WORK TO BE COMPLETED >> Could you transcribe exactly the lines below, from the line with "- написал он." through the line with "satu warga. (Penkostrad).", and nothing else, leaving out the pictures?

ENTRIES PROVIDED >>
....

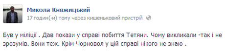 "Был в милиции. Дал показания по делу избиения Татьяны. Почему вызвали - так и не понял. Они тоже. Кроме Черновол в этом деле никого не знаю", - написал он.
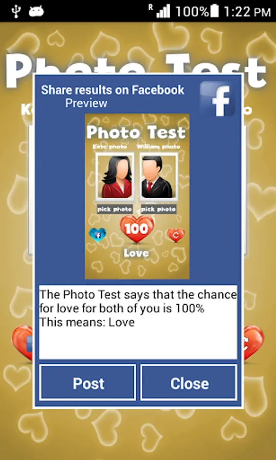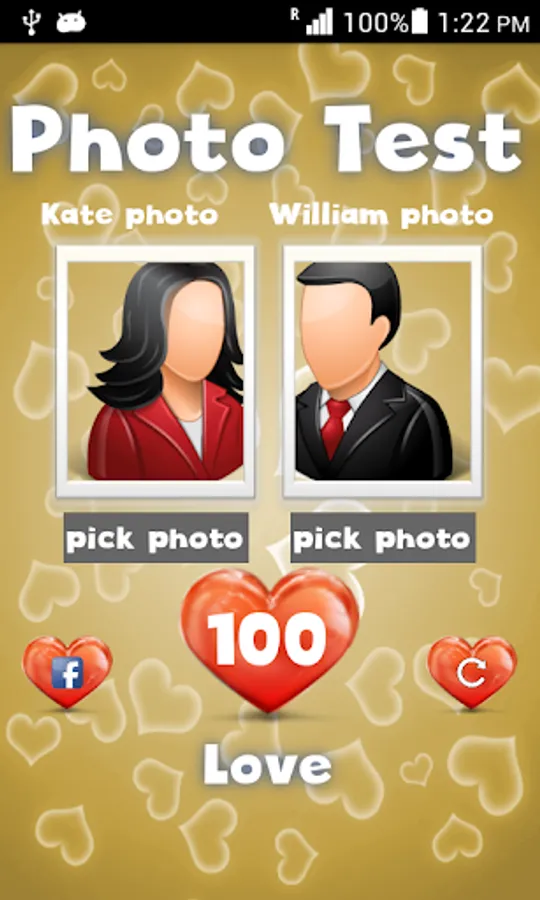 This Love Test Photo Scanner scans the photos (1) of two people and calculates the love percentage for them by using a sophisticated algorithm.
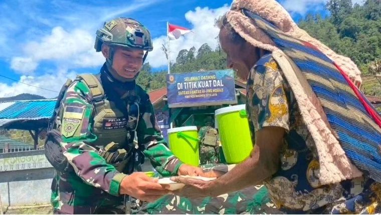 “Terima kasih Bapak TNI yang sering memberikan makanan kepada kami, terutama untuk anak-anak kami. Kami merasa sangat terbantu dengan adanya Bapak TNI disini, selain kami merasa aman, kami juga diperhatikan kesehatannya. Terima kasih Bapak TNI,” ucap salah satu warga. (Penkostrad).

....

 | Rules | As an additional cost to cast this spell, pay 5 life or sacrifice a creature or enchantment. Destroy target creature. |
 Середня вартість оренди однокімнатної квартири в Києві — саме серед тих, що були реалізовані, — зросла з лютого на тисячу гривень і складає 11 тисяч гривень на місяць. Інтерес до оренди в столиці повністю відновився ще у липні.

....

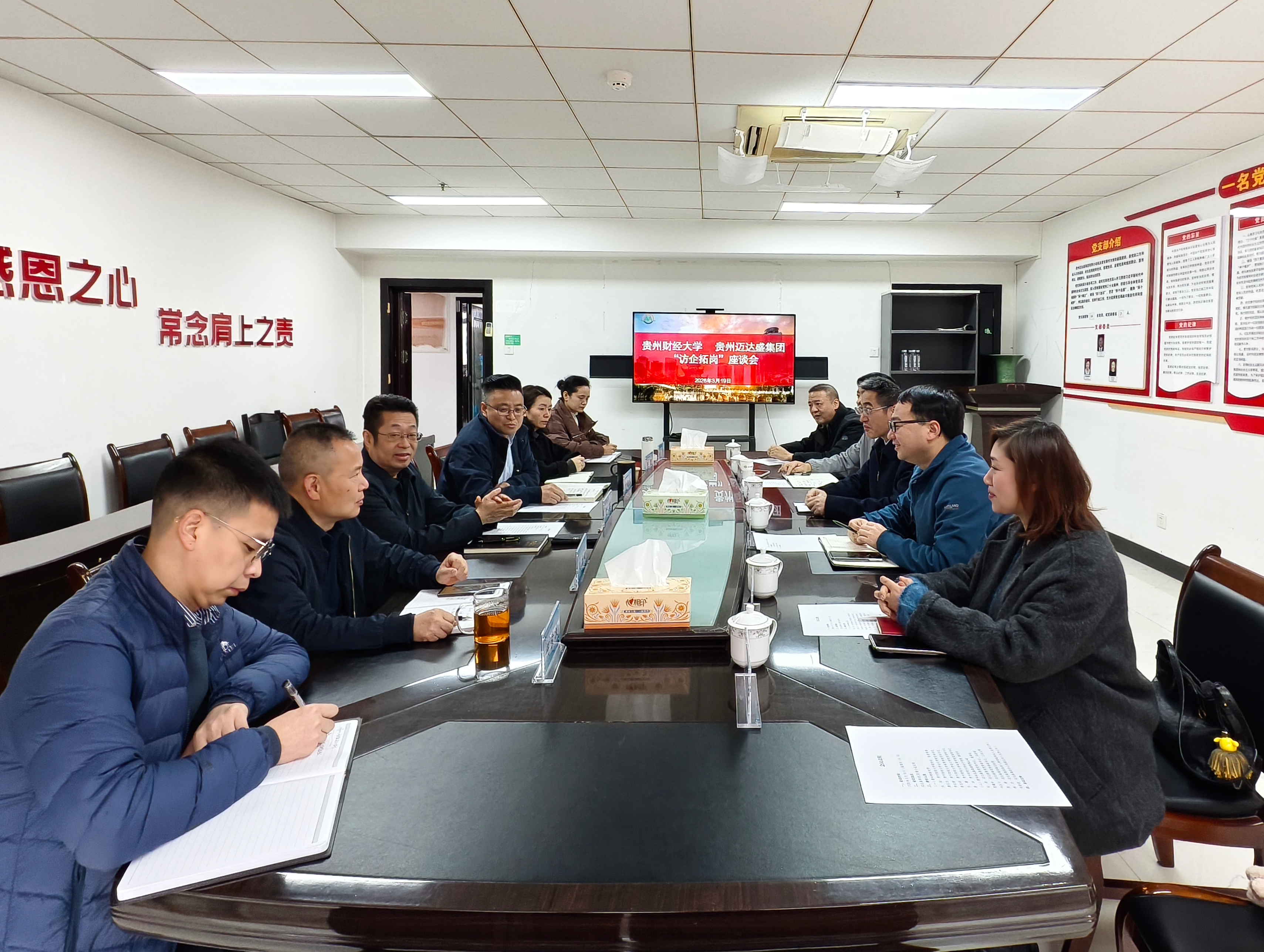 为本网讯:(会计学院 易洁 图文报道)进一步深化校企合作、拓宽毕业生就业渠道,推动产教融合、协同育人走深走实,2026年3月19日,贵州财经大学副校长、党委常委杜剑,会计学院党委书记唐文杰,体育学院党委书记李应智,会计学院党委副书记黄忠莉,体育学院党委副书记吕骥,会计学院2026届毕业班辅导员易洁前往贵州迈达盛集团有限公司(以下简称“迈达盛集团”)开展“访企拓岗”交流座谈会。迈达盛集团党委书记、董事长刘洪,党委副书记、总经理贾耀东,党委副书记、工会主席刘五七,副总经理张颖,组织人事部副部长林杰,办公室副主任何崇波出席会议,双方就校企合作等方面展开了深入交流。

....

TASK SOLUTION >>
 "Был в милиции. Дал показания по делу избиения Татьяны. Почему вызвали - так и не понял. Они тоже. Кроме Черновол в этом деле никого не знаю", - написал он.
 This Love Test Photo Scanner scans the photos (1) of two people and calculates the love percentage for them by using a sophisticated algorithm.
 “Terima kasih Bapak TNI yang sering memberikan makanan kepada kami, terutama untuk anak-anak kami. Kami merasa sangat terbantu dengan adanya Bapak TNI disini, selain kami merasa aman, kami juga diperhatikan kesehatannya. Terima kasih Bapak TNI,” ucap salah satu warga. (Penkostrad).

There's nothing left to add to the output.